Do you think it is right that Google should know everything you're searching for?
"If I log out of my Google Account then they may not see "me" in any sense of the word. An IP, usage patterns and so on can be tracked, but nothing that can be traced back to my real-life identity. Once I log in to my Google account, though, my name can be connected to my searches. Search History in the Google settings can be disabled, but that doesn't mean that information won't ever leak."
Which Google developments do you look upon most critically and why?
"I think all developments should be watched critically, though criticism can be positive or negative."
Are Europeans perhaps rather paranoid about these matters, in comparison with the Chinese, for example?
"Different cultures have different sets of broadly accepted standards. I'm from Germany, and there we have a number of regulations that restrict freedom, regulations that don't exist in China. But then in China there are restrictions which don't apply in Germany.
It's easy to criticize China from a German viewpoint, but I'd also like to see Germans criticize the restrictions they face themselves. The internet and other media, and freedom of speech in general are not fully free in Germany. Artistic and sometimes journalistic expression is often suppressed in Germany. German law says there should be no pre-censorship, and yet that is what happens in Germany when whole domains are missing from the Google search results, for instance."
So do you miss Google in China?
"I have Google in China. Google.com works normally most of the time. YouTube and Blogspot are blocked, as are some parts of Google. Results for image searches are only sporadically visible, for instance – and yes, it would be nice if all that weren't the case. I'd love to have a super-fast internet, and Wi-Fi freely available in all major cities – paid by taxes, just like roads are built with taxes.
It would be nice to see a country like Germany do something like this, but actually, Wi-Fi in Germany – and support for netizens, and net creators in general – is often hard to find. U.S.-Google services do work better from Germany, though, that's true."

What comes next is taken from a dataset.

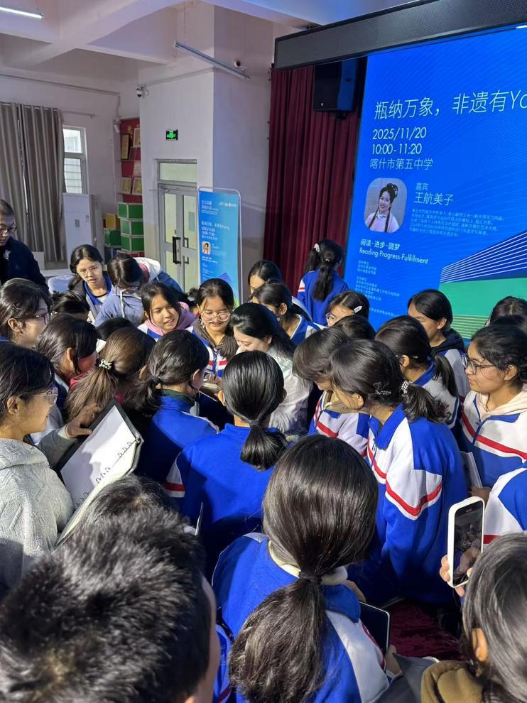2025年11月20日,一场意蕴悠长的非遗对话在喀什市第五中学如约开启。王航美子老师生动讲述了内画艺术的百年雅韵与四大流派技艺,让传统之美深入人心。

Has Google+ enough communication to succeed? Now that Google is profiling using names, is privacy a bigger problem?
"Google+ has a huge amount of communication going on when I log in, but what you see in Google+ is completely subjective, because there is not one, single news feed. Rather, everyone's stream is completely dependent on those others people they have subscribed to."

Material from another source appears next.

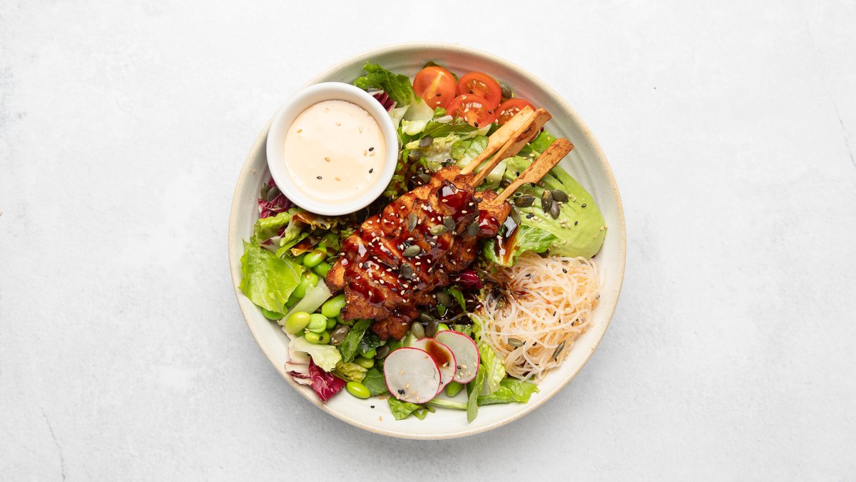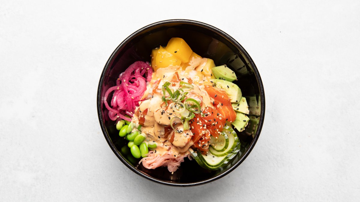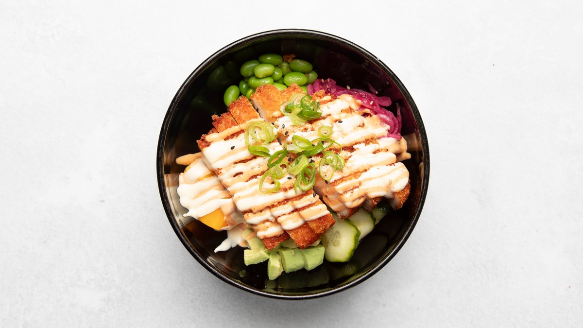 Friterad kyckling, avokado, picklad rödlök, edamamebönor, mango, sötmarinerad gurka, yuzu, sweet asian chilimayo, sesamfrön och ris.

In a way, Google+ largely clones what sites like FriendFeed.com had done previously. It's not a plain copy; it improves some things, changes others and adds features. But what really sets it apart is that Google pushes it across all of its products. It's almost impossible for a product to not amass users when you promote it on so many other popular products. And if the product is any good – as Google+ is – then people will pick up on it even faster.
With regard to privacy, you should only share what you want to share. If you post a text, then take a second to imagine this text on the front page of The New York Times (now, or a decade from now). Are you okay with that? If not, reconsider what you were about to post...and if you’re still not happy, perhaps look for networks which allow anonymity.

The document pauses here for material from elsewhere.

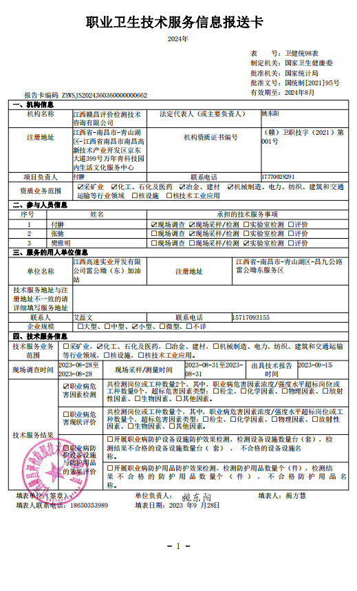 上一篇:《江西高速實業(yè)開發(fā)有限公司雷公坳(西)加油站工作場所職業(yè)病危害因素檢測報告》(報告編號:GCJC-23-152-1)

Google+, unfortunately, does not facilitate anonymity, which can cause problems with many topics- criticizing your work environment, for instance, or freely expressing minority views."
Google buying Motorola; is that a natural development?
"Growth seems to be natural for companies, but structures in nature sometimes do collapse. So far Google has done a good job of keeping lean while growing. In programming, we call this task refactoring: for every new line of code you add, you should reflect on how you might need to readapt all the old lines of code.
Let's wait another ten, twenty years to see if Google as a company is still flexible enough to do fast releases, and master the complexity it created."